Dzięki współpracy ministrów obrony i skarbu konsolidacja polskiego przemysłu zbrojeniowego stała się faktem - powiedział premier dziennikarzom w Wojskowych Zakładach Mechanicznych w Siemianowicach Śląskich.  Dodał, że powstaje polska grupa zbrojeniowa, która będzie skupiała "wszystkie kluczowe przedsiębiorstwa pracujące ma rzecz obronności".

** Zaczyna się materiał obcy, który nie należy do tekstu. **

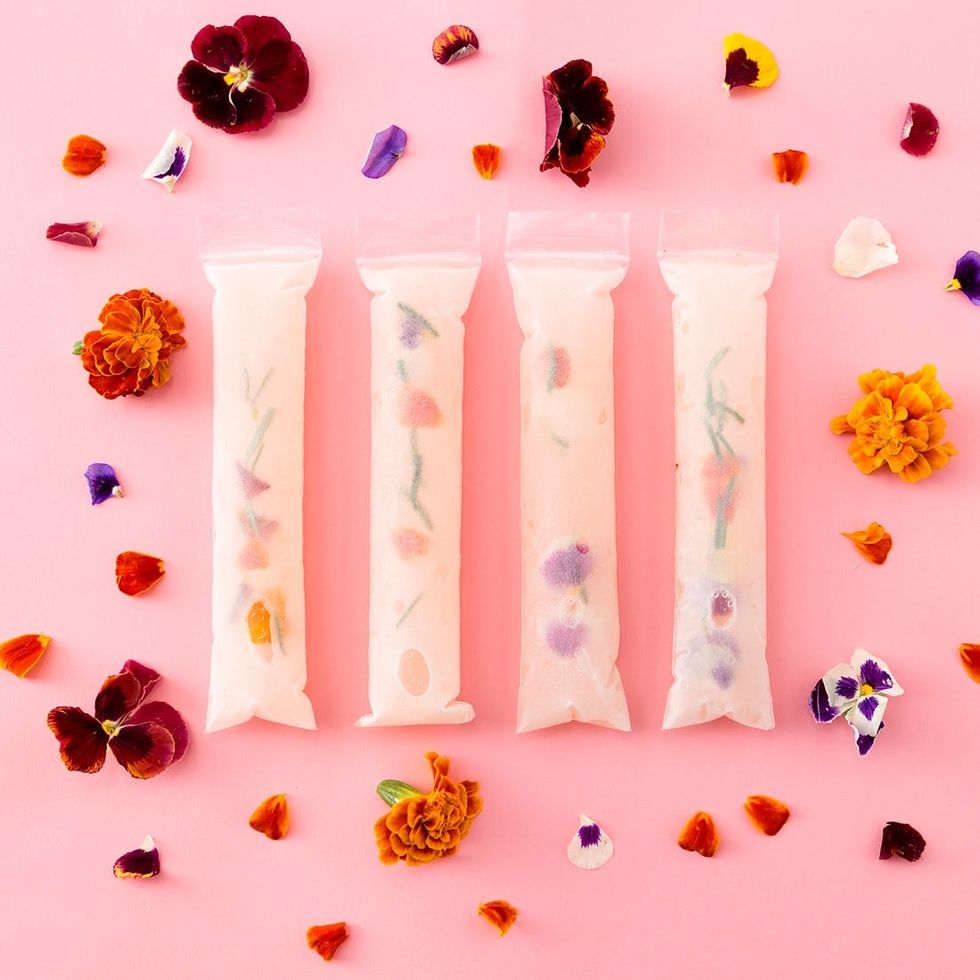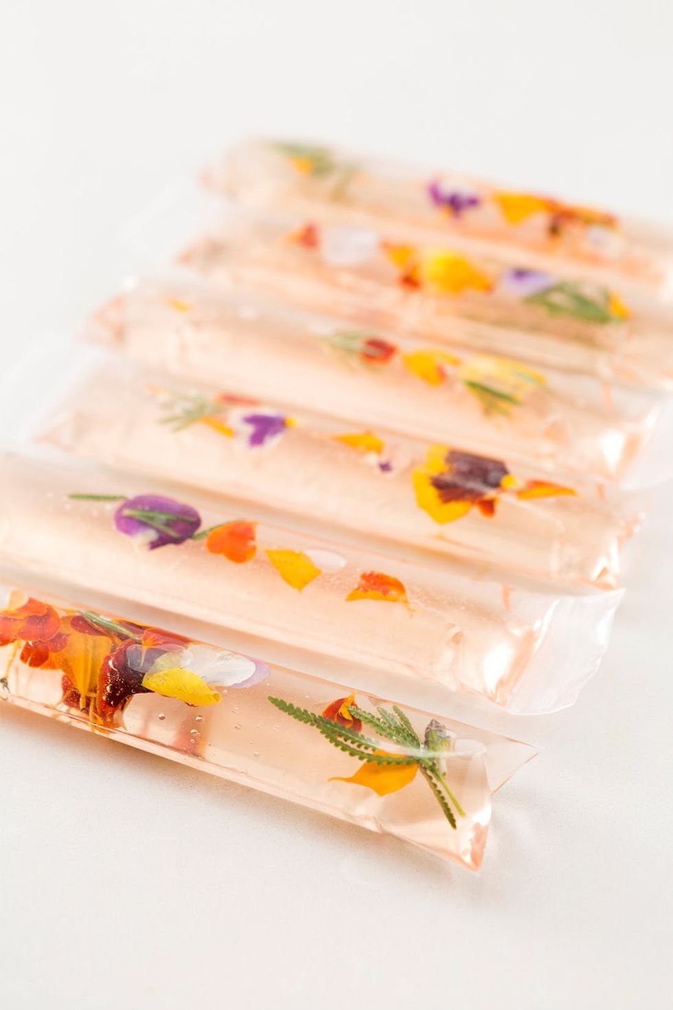 Using a funnel, add rosé to the popsicle bags, leaving some room for the flowers and syrup. One bottle made five pops.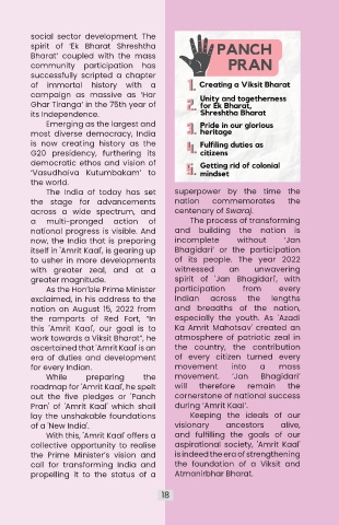 out the five pledges or 'Panch cornerstone of national success

- Niewykluczone, że nowa jednostka otrzyma nazwę "Rosomak" - zapowiedzieli w Siemianowicach Śląskich premier i minister obrony. Szef rządu mówił w zakładach produkujących polskie kołowe transportery opancerzone, że właśnie rosomaki są produktem flagowym naszej armii.

Jak powiedział szef rządu, do grupy mają należeć m.in. Huta Stalowa Wola, Polski Holding Obronny i 11 wojskowych przedsiębiorstw remontowo-produkcyjnych, wśród nich siemianowickie WZM , gdzie produkuje się wozy Rosomak .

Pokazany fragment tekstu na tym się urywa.